TASK:
Would you restate every entry that follows, word for word, and leave out the pictures?

-- WORKING DATA follows --

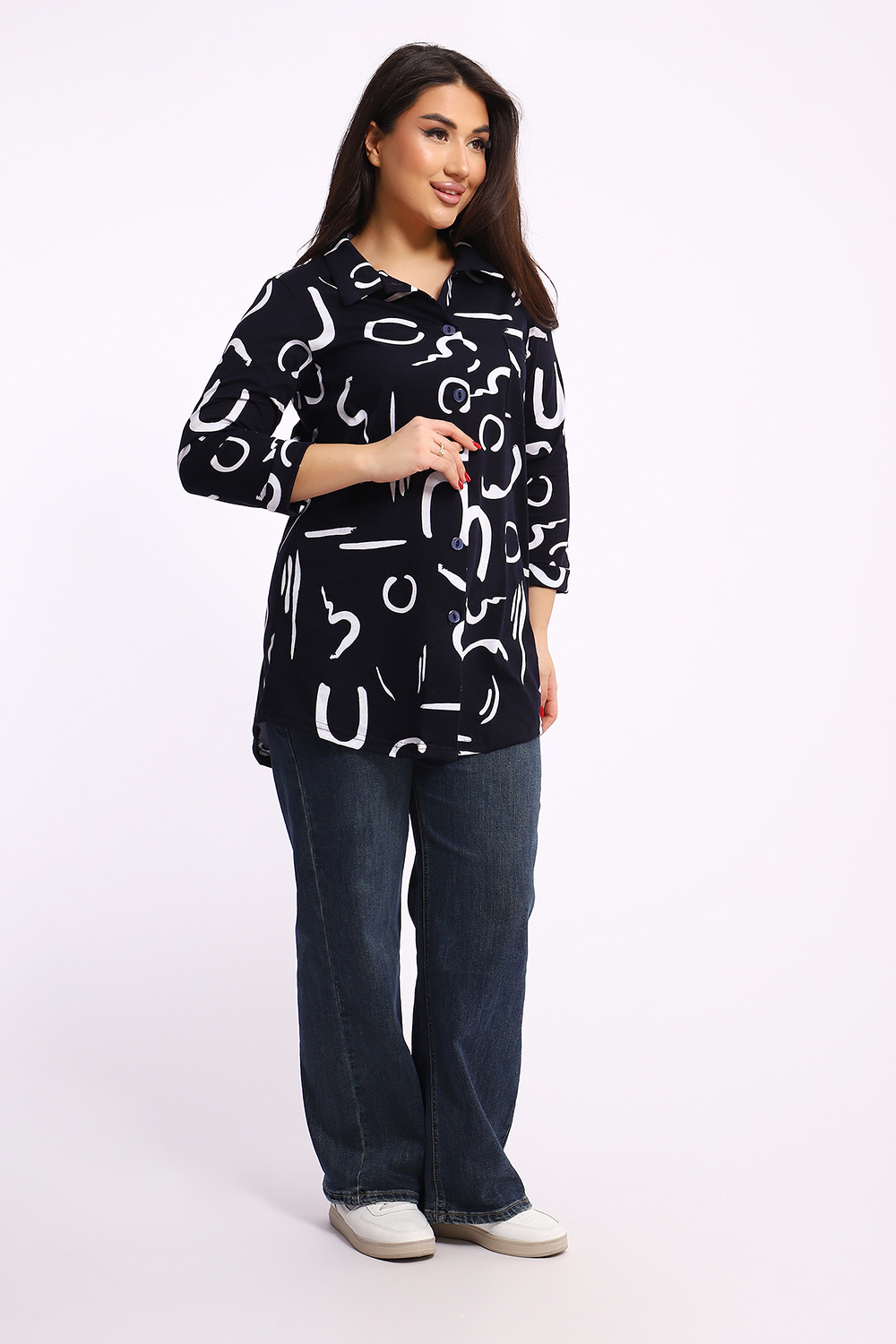 Женская туника-рубашка на пуговицах выполнена из хлопкового трикотажного полотна. Изделие свободного покроя с оригинальным комбинированием прекрасно подойдет для любителей комфорта в стильных вещах.
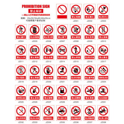 首页 > 建筑建材 > 其他防护用品 > PVC警示牌/标识牌/禁止标识 30*40cm 1mmPVC阻燃板亮面(下单备注详情页对应内容编号)5张装
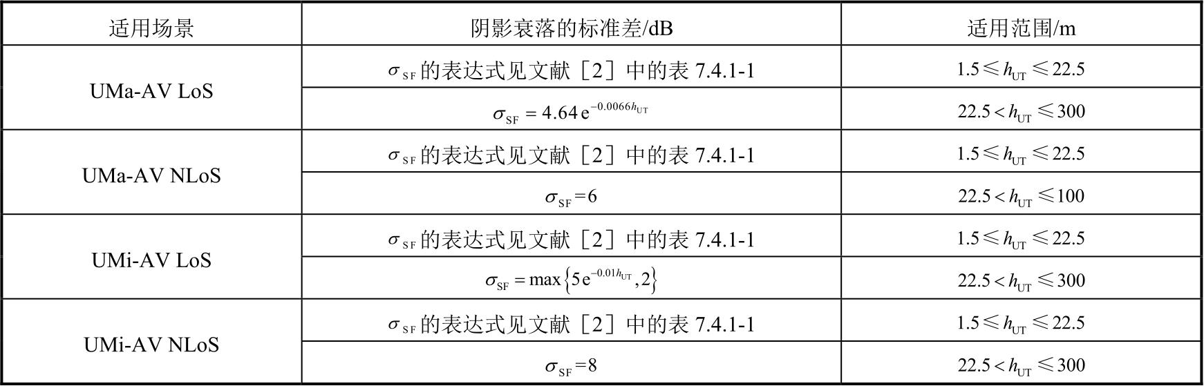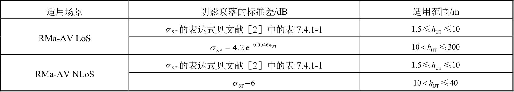 本节介绍建议信道模型中的阴影衰落模型。与路径损耗类似,建议信道模型实际上是结合基于高度参数的信道模型和概率LoS信道模型来描述不同高度的无人机信号传播环境的。不同应用场景下的阴影衰落表达式如表4-5所示。
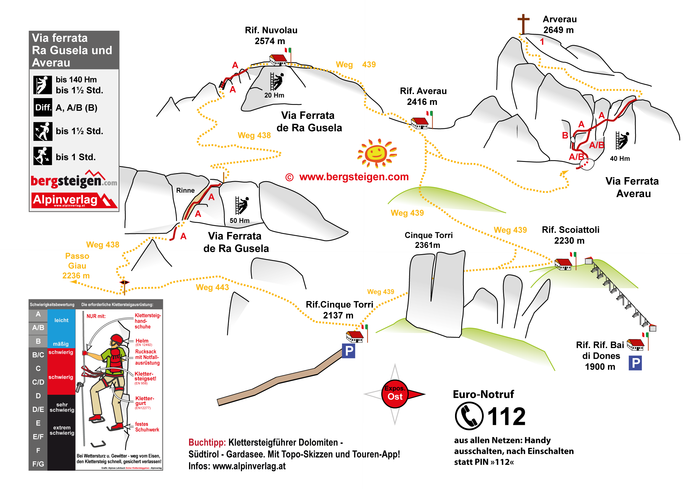 Vom Rif. Cinque Torri auf dem Weg 439 (Fahrstraße) in die Forc. Nuvolau. Wegen der Park- und Zufahrtsproblematik zum Rif. Cinque Torri besser mit dem Sessellift vom Rif. Bai di Dones zum Rif. Scoiattoli und weiter auf dem Weg 439 in die Forc. Nuvolau. Vom Passo Giau: Auf Weg dem 452 in die Forc. Nuvolau. In der Scharte dem Wegweiser folgend in wenigen Minuten zum Einstieg.
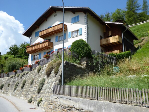 Die Ferienwohnung befindet sich im Parterre eines 3-stöckigen Mehrfamilienhauses. Das Haus selbst liegt in ruhiger Lage an einem windgeschützten, sonnigen Südhang mit einer herrlichen Aussicht auf die Berge und Terrassendörfer der linken Talseite. Eine Autofahrt zur 2.5 km entfernten Talstation der Bergbahnen Lumnezia Obersaxen Mundaun dauert 5 Minuten. Die Zufahrt ist auch mit den öffentlichen Verkehrsmitteln und mit dem Gratis-Sportbus möglich.Im Winter ist das Bergdorf ein idealer Ausgangspunkt für romantische Schneeschuhtouren durch stille und unberührte Schneelandschaften. Von hier aus gelangt man auch auf das weitläufige Winterwanderwegnetz der Val Lumnezia. Von der Ortschaft Cumbel aus kann man Spaziergänge zu den örtlichen Maiensässen und ausgedehnte Wanderungen zum legendären Bündner Rigi machen. Für eine regelmässige Outdoor-Fitness steht ein Vita Parcours in unmittelbarer Nähe zur Verfügung. Ferienangebote der SurselvaIm Umkreis von max. 20 km Entfernung erreicht man vier grosse Ski- und Wintersportgebiete sowie zahlreiche Loipen, Eisfelder, Winterwander- und Schlittenwege und Ausgangspunkte für Skitouren und Schneeschuhwanderungen. Zu den Highlights des Ferien- und Freizeitangebotes in der warmen Jahreszeit zählen u. v. a. das alpine Wandern, Klettersteige, Velotouren, Golf, Mini-Golf, Tennisanlagen, Paragliding, Baden in Freibädern und naturnahen Seen, Wellness, Riverrafting, Fischen, Kinderspielplätze, kulturhistorische, botanische und geologische Führungen sowie kulinarische Wanderungen. Parkplatz vor dem Haus sowie Garagenparkplatz neben der Wohnung. Haustiere nicht gestattet. Nichtraucher-Wohnung. Entdecken Sie die attraktiven Leistungen unserer Gästekarte.Schlafzimmer: Die Wohnung verfügt über zwei Schlafzimmer mit je einem Doppelbett sowie einen geräumigen Nebenraum mit einem zusätzlichen ausklappbaren Doppelbett. Bettwäsche vorhanden und im Preis nicht inbegriffen. Wohnzimmer: Gemütliches Wohnzimmer mit Radio, TV Satelliten/Kabel, WLAN. Küche: Die heimelige und offene Küche zum Wohnzimmer ist ausgestattet mit Backofen, Kaffeemaschine (Kapseln vorhanden), Mikrowelle, Geschirrspüler, Wasserkocher, Fondue-Set, Raclette-Ofen. Küchenwäsche vorhanden und im Preis inbegriffen. Badezimmer: Modernes Bad mit Dusche/WC. Frotteewäsche vorhanden und im Preis nicht inbegriffen. Andere Räume:Die Ferienwohnung bietet zudem einen schönen Sitzplatz, Waschmaschine und Wäschetrockner (im Preis inbegriffen), Abstellraum für Winter- und Sommersportausrüstungen.Ausstattung3 Schlafräume, Backofen, Geschirrspüler, Haustiere nicht erlaubt, Internetverbindung, Kaffeemaschine, Küche, Küchenwäsche, Kühlschrank, Radio, Terrasse, Tisch- und Küchenwäsche, TV, Wäschetrockner, Wäschetrockner im Haus, Waschmaschine, Waschmaschine im Haus, Wasserkocher, WiFiBadezimmerAnzahl Badezimmer: 1, HaartrocknerDienstleistungenFahrradabstellraum, Garage, ParkplatzKapazitätenAnzahl der Zimmer, Betten: 4LageAm Golfplatz: 10, An Velo-/Bikeroute gelegen: 1, Entfernung Thermalbäder (in km): 13, Entfernung zum Golf/Minigolf (in km): 13, Entfernung zum nächsten Bahnhof (in km): 8, Entfernung zum nächsten Restaurant (in km): 0.3, Entfernung zum nächsten Skilift (in km): 2.5, Entfernung zum See (in km): 5, Entfernung zum Wald: 0.5, Entfernung zur Altstadt (in km): 7, Entfernung zur Dorfmitte (in km): 0.5, Entfernung zur Loipe (in km): 4, Entfernung zur nächsten Haltestelle (in km): 0.4, Hanglage, Ruhige UmgebungUnterkunftstypFerienwohnungBelegung1-6 Personen1-6 Erwachsene0-5 Kinder (0-17 Jahr(e))
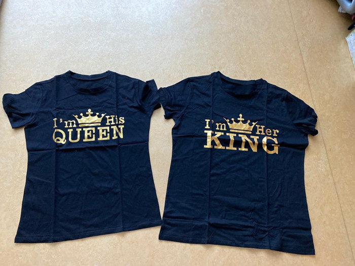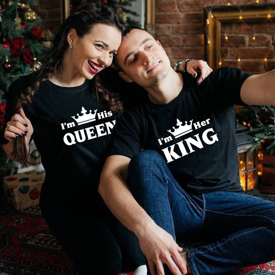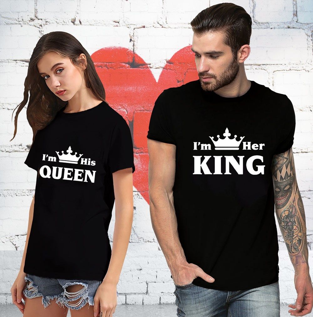 Her Tees Size Couple Crown King Queen HIS shirt Plus Cotton

-- WORKING DATA concluded --

RESULT OF THIS TASK:
 Женская туника-рубашка на пуговицах выполнена из хлопкового трикотажного полотна. Изделие свободного покроя с оригинальным комбинированием прекрасно подойдет для любителей комфорта в стильных вещах.
 首页 > 建筑建材 > 其他防护用品 > PVC警示牌/标识牌/禁止标识 30*40cm 1mmPVC阻燃板亮面(下单备注详情页对应内容编号)5张装
 本节介绍建议信道模型中的阴影衰落模型。与路径损耗类似,建议信道模型实际上是结合基于高度参数的信道模型和概率LoS信道模型来描述不同高度的无人机信号传播环境的。不同应用场景下的阴影衰落表达式如表4-5所示。
 Vom Rif. Cinque Torri auf dem Weg 439 (Fahrstraße) in die Forc. Nuvolau. Wegen der Park- und Zufahrtsproblematik zum Rif. Cinque Torri besser mit dem Sessellift vom Rif. Bai di Dones zum Rif. Scoiattoli und weiter auf dem Weg 439 in die Forc. Nuvolau. Vom Passo Giau: Auf Weg dem 452 in die Forc. Nuvolau. In der Scharte dem Wegweiser folgend in wenigen Minuten zum Einstieg.
 Die Ferienwohnung befindet sich im Parterre eines 3-stöckigen Mehrfamilienhauses. Das Haus selbst liegt in ruhiger Lage an einem windgeschützten, sonnigen Südhang mit einer herrlichen Aussicht auf die Berge und Terrassendörfer der linken Talseite. Eine Autofahrt zur 2.5 km entfernten Talstation der Bergbahnen Lumnezia Obersaxen Mundaun dauert 5 Minuten. Die Zufahrt ist auch mit den öffentlichen Verkehrsmitteln und mit dem Gratis-Sportbus möglich.Im Winter ist das Bergdorf ein idealer Ausgangspunkt für romantische Schneeschuhtouren durch stille und unberührte Schneelandschaften. Von hier aus gelangt man auch auf das weitläufige Winterwanderwegnetz der Val Lumnezia. Von der Ortschaft Cumbel aus kann man Spaziergänge zu den örtlichen Maiensässen und ausgedehnte Wanderungen zum legendären Bündner Rigi machen. Für eine regelmässige Outdoor-Fitness steht ein Vita Parcours in unmittelbarer Nähe zur Verfügung. Ferienangebote der SurselvaIm Umkreis von max. 20 km Entfernung erreicht man vier grosse Ski- und Wintersportgebiete sowie zahlreiche Loipen, Eisfelder, Winterwander- und Schlittenwege und Ausgangspunkte für Skitouren und Schneeschuhwanderungen. Zu den Highlights des Ferien- und Freizeitangebotes in der warmen Jahreszeit zählen u. v. a. das alpine Wandern, Klettersteige, Velotouren, Golf, Mini-Golf, Tennisanlagen, Paragliding, Baden in Freibädern und naturnahen Seen, Wellness, Riverrafting, Fischen, Kinderspielplätze, kulturhistorische, botanische und geologische Führungen sowie kulinarische Wanderungen. Parkplatz vor dem Haus sowie Garagenparkplatz neben der Wohnung. Haustiere nicht gestattet. Nichtraucher-Wohnung. Entdecken Sie die attraktiven Leistungen unserer Gästekarte.Schlafzimmer: Die Wohnung verfügt über zwei Schlafzimmer mit je einem Doppelbett sowie einen geräumigen Nebenraum mit einem zusätzlichen ausklappbaren Doppelbett. Bettwäsche vorhanden und im Preis nicht inbegriffen. Wohnzimmer: Gemütliches Wohnzimmer mit Radio, TV Satelliten/Kabel, WLAN. Küche: Die heimelige und offene Küche zum Wohnzimmer ist ausgestattet mit Backofen, Kaffeemaschine (Kapseln vorhanden), Mikrowelle, Geschirrspüler, Wasserkocher, Fondue-Set, Raclette-Ofen. Küchenwäsche vorhanden und im Preis inbegriffen. Badezimmer: Modernes Bad mit Dusche/WC. Frotteewäsche vorhanden und im Preis nicht inbegriffen. Andere Räume:Die Ferienwohnung bietet zudem einen schönen Sitzplatz, Waschmaschine und Wäschetrockner (im Preis inbegriffen), Abstellraum für Winter- und Sommersportausrüstungen.Ausstattung3 Schlafräume, Backofen, Geschirrspüler, Haustiere nicht erlaubt, Internetverbindung, Kaffeemaschine, Küche, Küchenwäsche, Kühlschrank, Radio, Terrasse, Tisch- und Küchenwäsche, TV, Wäschetrockner, Wäschetrockner im Haus, Waschmaschine, Waschmaschine im Haus, Wasserkocher, WiFiBadezimmerAnzahl Badezimmer: 1, HaartrocknerDienstleistungenFahrradabstellraum, Garage, ParkplatzKapazitätenAnzahl der Zimmer, Betten: 4LageAm Golfplatz: 10, An Velo-/Bikeroute gelegen: 1, Entfernung Thermalbäder (in km): 13, Entfernung zum Golf/Minigolf (in km): 13, Entfernung zum nächsten Bahnhof (in km): 8, Entfernung zum nächsten Restaurant (in km): 0.3, Entfernung zum nächsten Skilift (in km): 2.5, Entfernung zum See (in km): 5, Entfernung zum Wald: 0.5, Entfernung zur Altstadt (in km): 7, Entfernung zur Dorfmitte (in km): 0.5, Entfernung zur Loipe (in km): 4, Entfernung zur nächsten Haltestelle (in km): 0.4, Hanglage, Ruhige UmgebungUnterkunftstypFerienwohnungBelegung1-6 Personen1-6 Erwachsene0-5 Kinder (0-17 Jahr(e))
 Her Tees Size Couple Crown King Queen HIS shirt Plus Cotton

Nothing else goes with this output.